A complete classification of modular compactifications of the universal Jacobian

TL;DR

This paper classifies all modular compactifications of the universal Jacobian over the moduli space of curves, providing a combinatorial parametrization and analyzing their properties and relations.

Contribution

It offers a complete classification of modular compactifications of the universal Jacobian, including a combinatorial parametrization and analysis of their moduli spaces and stability conditions.

Findings

Classified all modular compactifications of the universal Jacobian.

Provided a combinatorial parametrization using V-functions.

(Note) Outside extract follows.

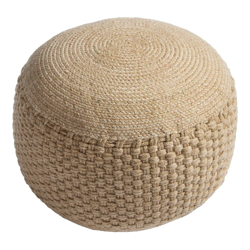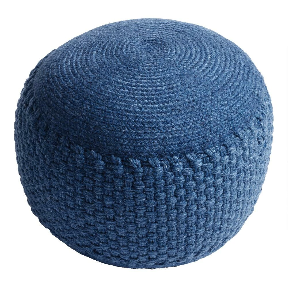 Our versatile outdoor floor pouf features a basketweave texture on the sides and a concentric braided pattern on the top. This versatile accent piece adds additional seating or a comfortable foot rest indoors or out. Available in your choice of chic shades, our patio pouf is made with an innovative recycling process that puts discarded water bottles to good use.
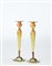 Tiffany Coppia di portacandele in vetro "Favrile" e ottone. New York, prima...

Showed that classical compactified Jacobians are induced by numerical polarizations.

Abstract

This is the third paper in a series, following [FPVa] and [FPVb]. We classify all modular compactifications of the universal Jacobian over $\overline{\mathcal{M}}_{g,n}$, both as stacks and as their relative good moduli spaces. Our main result gives a combinatorial parametrization of compactified universal Jacobian stacks by $V$-functions on a stability domain $\mathbb{D}_{g,n}$ of half-vine types (two-components topological types with a chosen side); under this correspondence, fine compactifications are exactly the general $V$-functions. We single out the classical compactified universal Jacobians, namely those induced by numerical polarizations (relative $\mathbb{R}$-line bundles on the universal curve $\overline{\mathcal{C}}_{g,n}/\overline{\mathcal{M}}_{g,n}$), recovering the constructions of Kass-Pagani and Melo in the fine case, and we prove that their good moduli spaces are locally projective over $\overline{\mathcal{M}}_{g,n}$. We determine when two compactified universal Jacobians are isomorphic over $\overline{\mathcal{M}}_{g,n}$ and describe a resolution of the universal family via a compactified Jacobian over $\overline{\mathcal{M}}_{g,n+1}$. Finally, we analyse the poset $\Sigma_{g,n}$ of compactified universal Jacobians, an extension of the poset of regions of the hyperplane arrangement of classical stability conditions $\mathcal{A}_{g,n}$ studied in Kass-Pagani. We prove that for $n=0$ all compactified universal Jacobians are those constructed by Caporaso. We then give an explicit description of the submaximal elements of $\Sigma_{g,n}$ for all $n$, generalizing the stability walls in the classical stability space $\mathcal{A}_{g,n}$ from Kass-Pagani's work.